We are three friends scattered across the globe, each navigating life as gay Zimbabweans.
The most annoying thing I’ve ever been told, sexually, is to “behave like a bottom”. My response is usually an eye roll that is felt as a tsunami in parts of Asia. In an act of feigned stupidity, I ask “Like, what the fuck is a good bottom?” He opens his mouth and spouts some of the corniest, most clichéd lines. And then, of course, I destroy my chances of ever getting laid by this person again. He says:
“Bottoms are supposed to be submissive”
I usually like leading into a gender and societal role discussion. The fact that we are both males immediately disqualifies either one of us from being the “submissive” one. Same sex relationships do not have to deal with the normal submissive/dominant bullshit that straight people need to go through. This is what the gays fought for at Stonewall. Kidding. I have no fucking idea what Stonewall was about. I’m pretty sure, however, it was something to do with societal concepts regarding homosexuality.
Gay relationships are not straight-relationships-lite. They are beautiful, fucked up, frustrating, impressively hollow and simultaneously stiflingly well-formed relationships that exist at the behest, and definition of the individuals engaging in it.
So you don’t want to be a submissive bottom? Still cool. You want to be the damsel in distress because it appeals to the top in your life’s obsession with fairytales? Knock yourself out. But the choice, like literally everything else, should be yours. Not because the top in your life said so.
Bottoms don’t…
Now, for me, it’s mainly “bottoms don’t eat ass”. I can hear some bottom, somewhere, cringe in fear with the fact that I’ve just said that. Or, a couple of med students who ask me if I’ve eaten ass recently before they let me drink from their cups. Besides ensuring that I now bring my own containers to a booze up, nothing’s changed.
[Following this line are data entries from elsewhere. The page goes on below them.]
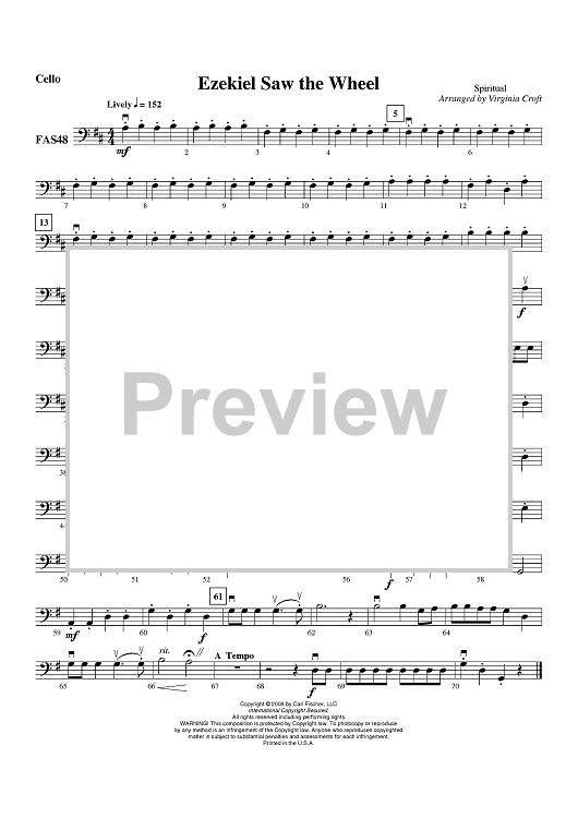 Digital Sheet Music for Ezekiel Saw The Wheel - Cello by Spiritual, Virginia Croft scored for Orchestra; id:406837
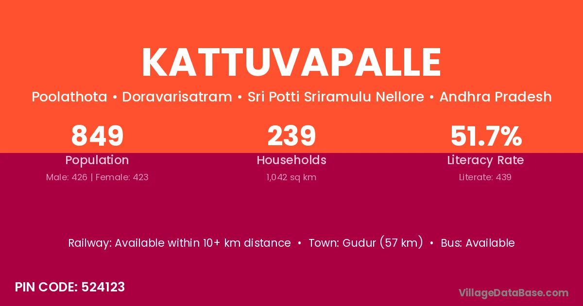 Gudur (14 km) is the nearest town to Kattuvapalle village for major economic activities and is located approximately 14 km away.
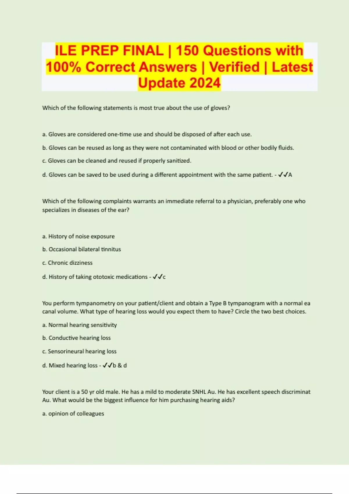 ILE PREP FINAL | 150 Questions with 100% Correct Answers | Verified | Latest Update 2024
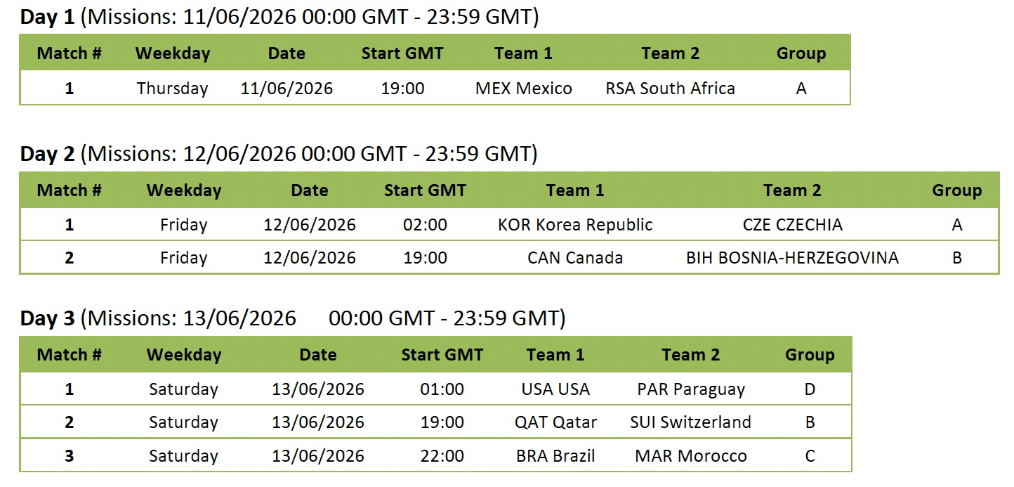 - Mission Qualification Periods: 11/06/2026 - 19/07/2026 (noncontinuous). Non‑continuous” means missions will only be visible and available on match days.
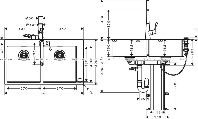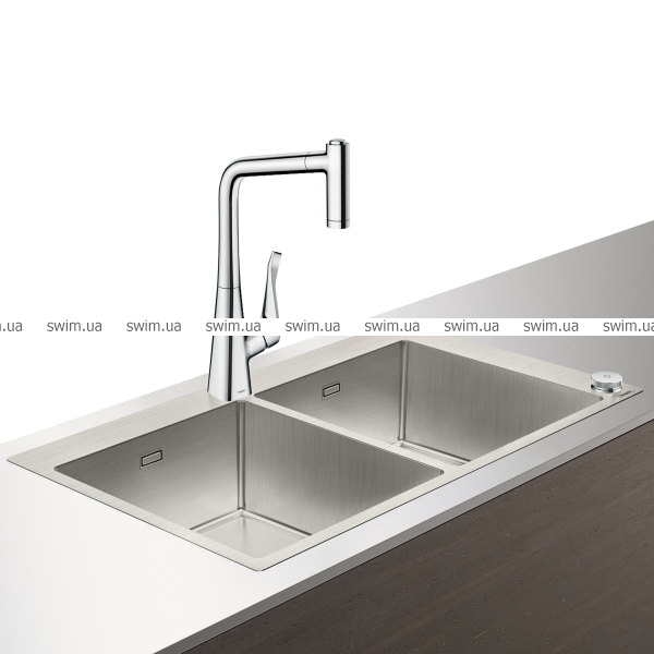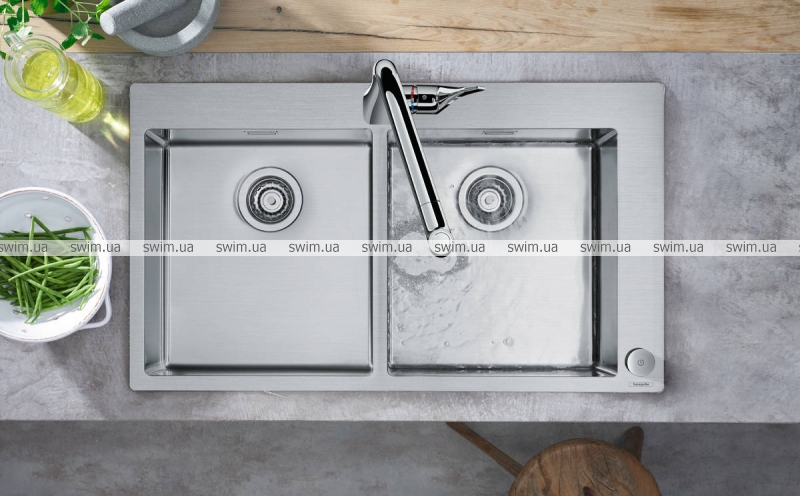 - комплект состоит из: встраиваемой мойки, однорычажного смесителя, sBox, кнопка Select, сифона
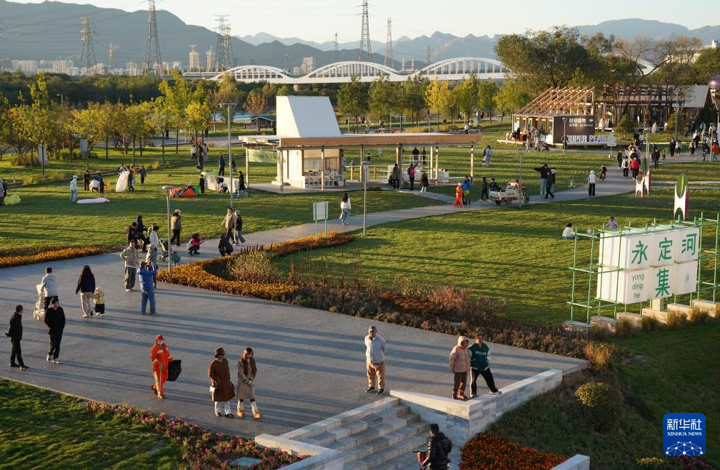 时值周末,许多游客来到位于北京市石景山区的“永定河集”,在这里逛市集,爬石景山,赏永定河畔风景,乐享秋日美好时光。

The fact that society or the gay microcosm of it, should define what a person does in the privacy of their bedroom/dining room table, is fucked up. Think about it. One biologist posted the supposition that male sexuality is defined by a process called imprinting. The idea is male sexuality rarely, of ever, changes from your formative years. If you were turned on by the rugby jocks, chances are, you’ll always be turned on by them. If you’re an ass guy, this is likely to continue until you’ve lost all the feeling in your legs due to old age or death. But, as we all know, we kinda start developing new aspects of this said sexuality the older we get. That’s why some of us, whilst still deeply into the rugby jocks, have had our desire for them fine tuned. I like a little choking now, yes. Do I like being dominated? Yes. Do I like rimming said dominant top? Yes. Yes I do. Why? Because to me nothing is sexier than the idea of a dominant guy comfortable enough in his sexuality that he’s willing to let someone else eat his ass out.
Still goes back to the same issue. Everyone has to start defining their sexuality in their own ways, without the interference of other idiots. The beauty of being gay, to quote another biologist, is the fact that the societal ideas and ideals regarding gender roles do not affect you. You are bound by your own rules. Which means you create them yourself. So why bind yourself to heteronormative standards that even heterosexual people are moving away from?
Be the top/verse/bottom/gay person you were meant to be. If we’re going to follow the religious, we are destined to be the people we are. So why not be the best gay you can be? Nature abhors a vacuum. Fill whatever hole you want to, with whatever you want to fill it with. As long as it is consensual.